Moving averages can be used to identify the trend, as well as support and resistance levels. Crossovers with price or with another moving average can provide trading signals. Chartists may also create a Moving Average Ribbon with more than one moving average to analyze the interaction between multiple MAs at once.
The direction of the moving average conveys important information about prices, whether that average is simple or exponential. A rising moving average shows that prices are generally increasing. A falling moving average indicates that prices, on average, are falling. A rising long-term moving average reflects a long-term uptrend. A falling long-term moving average reflects a long-term downtrend.
The chart below shows 3M (MMM) with a 150-day exponential moving average. You can see that moving averages are very effective during strong trends.
The 150-day EMA turned lower in November 2007 and again in January 2008. Notice that it took a 15% decline to reverse the direction of this moving average. These lagging indicators identify trend reversals as they occur (at best) or after they occur (at worst). MMM continued lower into March 2009 and then surged 40-50%. Notice that the 150-day EMA did not turn up until after this surge. Once it did, however, MMM continued higher the next 12 months. Moving averages work brilliantly in strong trends.

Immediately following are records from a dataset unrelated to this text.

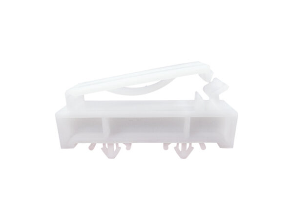 Dual Ø4.0mm hole size Snap-Lock Elevated Hinged Flat Cable Clamp (WxH) 43.5×5.0mm with Retention. Max. Cable Width 30.0mm. Snap-Lock Centerline Pitch 20.0mm. Chassis Thickness 0.8-2.0mm. Nylon 66. Available in Natural or Black.
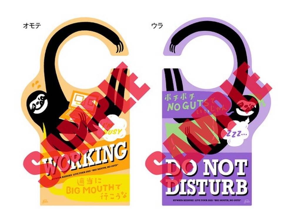 ツアーロゴのキービジュアルとして使われていたナマケモノのキャラクターがあしらわれ、ドアノブにナマケモノがぶらさがるポップなデザインとなっている。
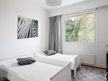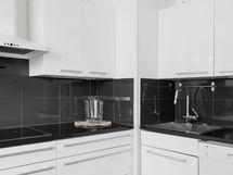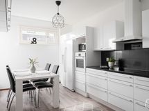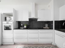 - Valkoiset keittiökaapistot, induktioliesi, jääkaappipakastin jääpalakoneella, kiertoilmauuni, astianpesukone, liesituuletin, liesivahti. Lattia laminaatti, välitila laattaa, työtaso kiveä.
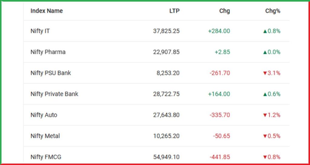 IT सेक्टर पूरे दिन मजबूत बना रहा, जबकि PSU Bank इंडेक्स में भारी बिकवाली देखने को मिली।
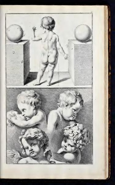 This page contains labeled illustrations used to teach drawing techniques, focusing on the human form and spatial relationships. The annotations provide guidance on interpreting the drawings in an 18th-century artistic context. The specific meanings of the letters are likely part of a broader instructional text not visible here.
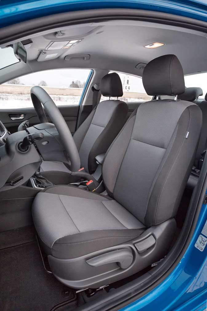 «Солярис» подрос в ширину и длину на 30 мм (соответственно до 1700 и 4405 мм), неизменными остались клиренс (160 мм) и высота автомобиля (1470 мм). На кузове никаких стреловидных выштамповок и резких граней. Новая решетка, забегающие на крышку багажника фонари и более пропорциональный и сбалансированный силуэт заставляют вспомнить о старшем родственнике, седане Elantra. Их родство внешностью не ограничивается, но об этом чуть позже. Трехсантиметровый прирост внешних габаритов, как, впрочем, и аналогичное увеличение колесной базы (до 2600 мм), несильно отразились на салоне. На задних рядах все так же для ног вполне достаточно места, но его чуть не хватает по высоте, и прибавка в 3 мм между подушкой дивана и потолком ничего не меняет – особо долговязые граждане помнут прическу об обивку потолка. Зато холодно не будет – Solaris впервые предлагает двухступенчатый подогрев заднего ряда (опция).
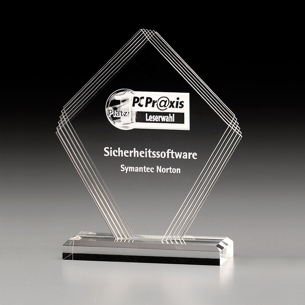 Trophäe aus Acrylglas in Rautenform mit Rillenoptik
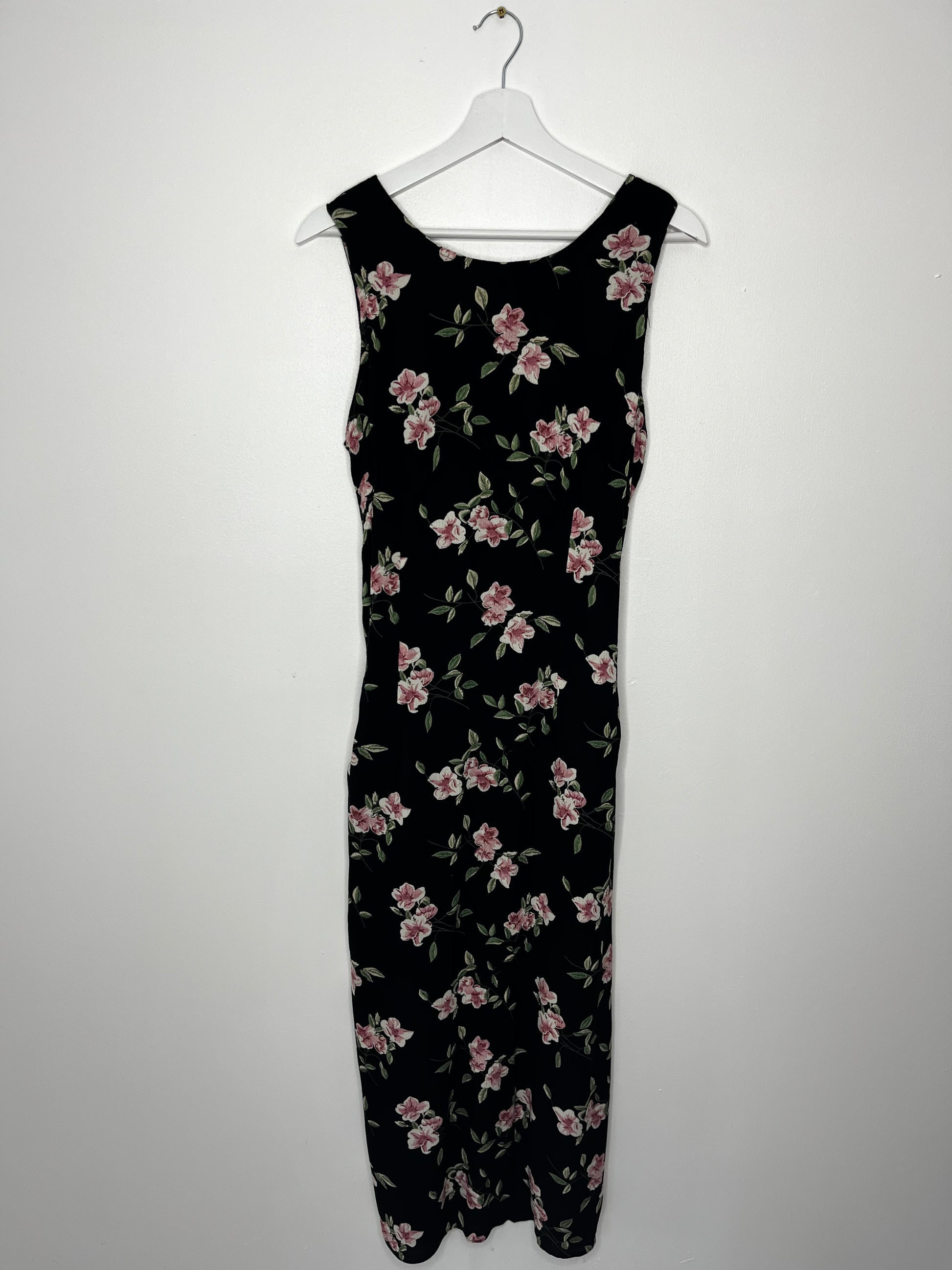 True Vintage Pink Flower Tie Back Black Long Dress

Two moving averages can be used together to generate crossover signals. In Technical Analysis of the Financial Markets, John Murphy calls this the “double crossover method”. Double crossovers involve one relatively short moving average and one relatively long moving average. As with all moving averages, the general length of the moving average defines the timeframe for the system. A system using a 5-day EMA and a 35-day EMA would be deemed short-term. A system using a 50-day SMA and 200-day SMA would be deemed medium-term, perhaps even long-term.
A bullish crossover occurs when the shorter moving average crosses above the longer moving average. This is also known as a golden cross. A bearish crossover occurs when the shorter moving average crosses below the longer moving average. This is known as a death cross (sometimes called a “dead cross”).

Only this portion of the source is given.